Well,I`ll sum up the whole thing.My ex and I broke up 5 weeks ago.On the 18th February,we should have celebrated our 1 year anniversary.We`ve had a rough time around Christmas and an argument,but we managed to get back together on New Year`s.Basically,he claimed that I give more attention to my friends[ especially and old friend of mine,who is my best boy- friend] than i give to him,because I talk really nice about them and such.I have a special way of talking,that I make events look bigger than they are and very significant,even if,they don`t mean that much.But,the thing is that I say even prettier things about him,when I speak with others.

Anyway,a week after New Year`s,he texted me saying things were over between us[that week was hectic at school and we didn`t get to see each other that much]I called him and he seemed pleased that we managed to say the things that bother us.Somehow,I thought things would get better.The next day,we met,I started crying [thing which I regret so bad] and that was it.I sent a few emails,and we had another argument a week after.He insisted on the fact that he really wanted a complete relationship,in which he was the first person I`d go to instead of my girlfriends,that he wanted to feel free to open his heart in front of me without having second thoughts,like what is she going to thing after this,or will she still like me.But he didn`t do that because I didn`t start confessing first.So,he assumed I didn`t trust him enough.He said that I`d be okay without him,that he`d go to college and I`d forget and heal.Also,he replied that he was happy because he didn`t receive affection,feelings,so he didn`t have to give back.that he is an insensitive person and if he knew that by leaving meant hurting me,he wouldn`t have fallen in love with me.

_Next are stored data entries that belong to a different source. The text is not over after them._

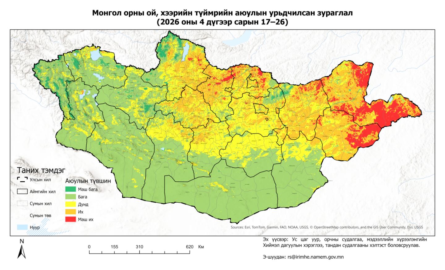 Ус цаг уур судалгаа, мэдээллийн хүрээлэнгээс дөрөвдүгээр сарын 17-26-ны өдрүүдэд нийт нутгаар ой, хээрийн түймэр гарах байгалийн нөхцөлийн урьдчилсан төлөвийг харуулсан аюулын зураглалыг туршилтаар боловсрууллаа.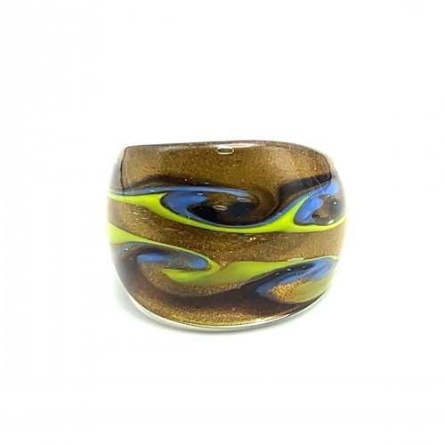Handmade Glass Acrylic Ring Amber Radiance Silver Luster Infinity Band: US Ring Size 9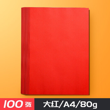 互信a4彩纸彩色打印纸手工折纸红色粉色混色80g克纸黄色广告复印纸办公用品 A4-80克(大红)100张/包

Furthermore,he has exams this year and has a lot to learn so he can get into med school.So,more stress!

Since then,we haven`t spoken,excepting a few comments on facebook.

I`m confused because I don`t know what he is thinking,what he is feeling anymore. I suppose he wants to let me recover by disappearing completely.

I`ve started wearing a pretty mask in front of everyone for 3 weeks,and it feels better,I guess.